Last Update：August 30, 2025 pm

Notations

In order to avoid possible ambiguity, let’s specify all the notations that we need first.

Linear Space: Since the goal of this paper is to give an intuitive picture, linear spaces $V$ are Euclidean spaces $\mathbb{R}^n$ by default. According to convention, the vectors in $\mathbb{R}^n$ are column vectors. At the same time, it should be noted that this paper is trying to ensure the generality. For those statements that do not involve $ \mathbb{R}^n$, the discussion of these special properties can be extended to more general linear space immediately.
Basis: A basis is made up of a set of linearly independent vectors that can generate the whole space. We use Greek letters to represent a basis, such as $\eta=\left(\eta_1,\eta_2,\cdots,\eta_n\right)$, where $\eta_i\in \mathbb{R}^n(i=1,2,\cdots,n)$ is called the $i$-th basis vecter of $\eta$.
Orthonormal basis: $\epsilon=(\epsilon_1,\epsilon_2,\cdots,\epsilon_n)$, where the $i$-th component of $\epsilon_i\in\mathbb{R}^n\left(i=1,2,\cdots,n\right)$ is $1$ while other components equal $0$.
Coordinates: Since we will consider multiple bases, it is necessary to distinguish the concepts of coordinates and vectors. Given a vector $v=(v_1,v_2,\cdots,v_n )^T$, the coordinate of $v$ under the basis $\eta$ is an $n$-dimensional vector $v^\eta=(v^\eta_1, v^\eta_2,\cdots, v^\eta_n)^T$, which can be determined by
$v^\eta_1 \eta _1+\cdots+ v^\eta_n \eta _n = ( \eta_1 \; \eta_2 \;\cdots\; \eta_n)\begin{pmatrix} v^\eta_1 \\ v^\eta_2 \\ \vdots\\ v^\eta_n \end{pmatrix} =v.$
Specially, we have $v^\epsilon =(\epsilon_1 , \epsilon_2 , \cdots, \epsilon_n )v^\epsilon=v$.
Basis Matrix: $M_{\eta}$ $=( \eta_1^{\epsilon} \; \eta_2^\epsilon \; \cdots \; \eta_n^\epsilon)$. Note that the coordinates of the basis vectors are column vectors, so the only natural way to get the basis matrix is to put them together by column. In fact, according to the above discussion, we have
$M_\eta=(\eta_1 \;\eta_2 \; \cdots \; \eta_n).$
It can be seen that the basis matrix of orthonormal basis $M_\epsilon$ is the identity matrix $I$ and $v^\eta=M_\eta^{-1}v$.
Linear Transformation: The linear transformation $\mathcal{A}$ on $\mathbb{R}^n$ is a mapping from $\mathbb{R}^n$ to $\mathbb{R}^n$ such that $\forall v_1,v_2\in\mathbb{R}^n$, $\forall \lambda _1, \lambda _2\in\mathbb{R}$,
$\mathcal{A} (\lambda_1 v_1+\lambda_2 v_2)= \lambda_1 \mathcal{A} (v_1)+\lambda_2 \mathcal{A} (v_2).$
$\mathcal{A} (v)$ can be denoted by $ \mathcal{A} v$ for simplicity.

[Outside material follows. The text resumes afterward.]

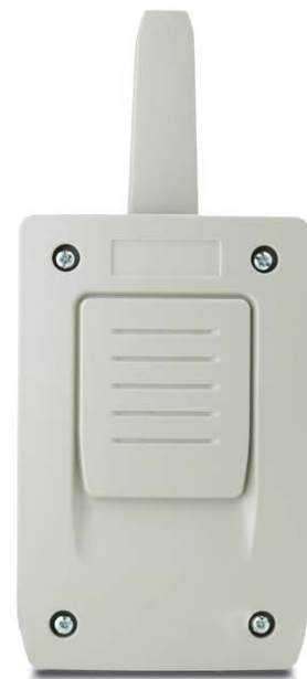
AED868 · FLAT868 ACTIVAGO · CONNECT

As accessories to the MOTION receivers, JCM offers antenna extensions and interfaces to make its 868 MHz range compatible with its 433 MHz or to pass the 868 MHz frequency to the Bus LIN, Wiegand or Clock&Data output.
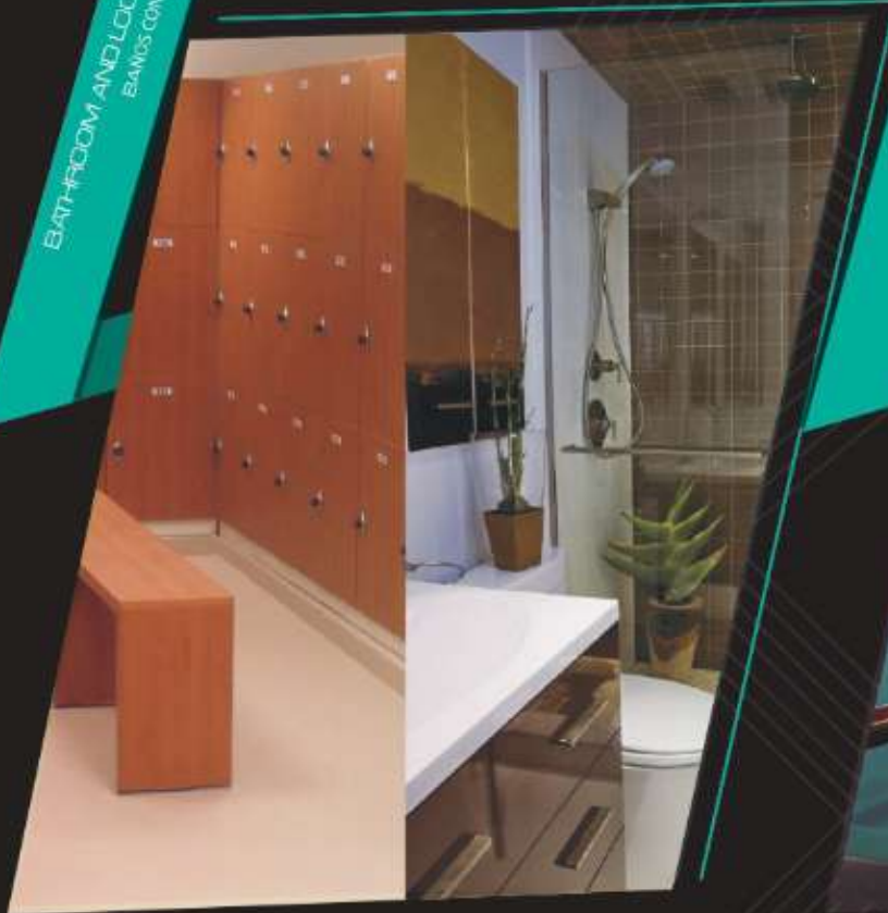
BATHROOM MEN- WOMEN

Matrix Representation of Linear Transformation

We will show that a linear transformation can be expressed as a matrix under a given basis. Conversely, given a basis, a matrix can also determine a linear transformation.

One way to understand a linear space is to imagine that it the space is linearly generated by basis. The basis is a basic framework and vectors can “grow” on this framework. It is easier to consider the action of $\mathcal{A}$ on the basis than the action of that on $\mathbb{R}^n$. Once we know its action on the basis, its action on the vectors growing on this basis will be explicit. More specifically, if $\mathcal{A}$ is generated as follows:

$v=v^\eta_1 \eta_1+\cdots+ v^\eta_n \eta_n ,$

that is, if the coordinates of $v$ under the basis $\eta$ is $v^\eta$, then we have

$\mathcal{A} v= \mathcal{A} ( v^\eta_1 \eta_1+\cdots+ v^\eta_n \eta_n )=v^\eta_1 \mathcal{A} \eta_1 +\cdots + v^\eta_n \mathcal{A} \eta_n.$

That means the coordinates of $ \mathcal{A} v $ in the basis $ \mathcal{A} \eta = (\mathcal{A} \eta_1, \cdots, \mathcal{A} \eta_n) $ are also $ v^\eta $.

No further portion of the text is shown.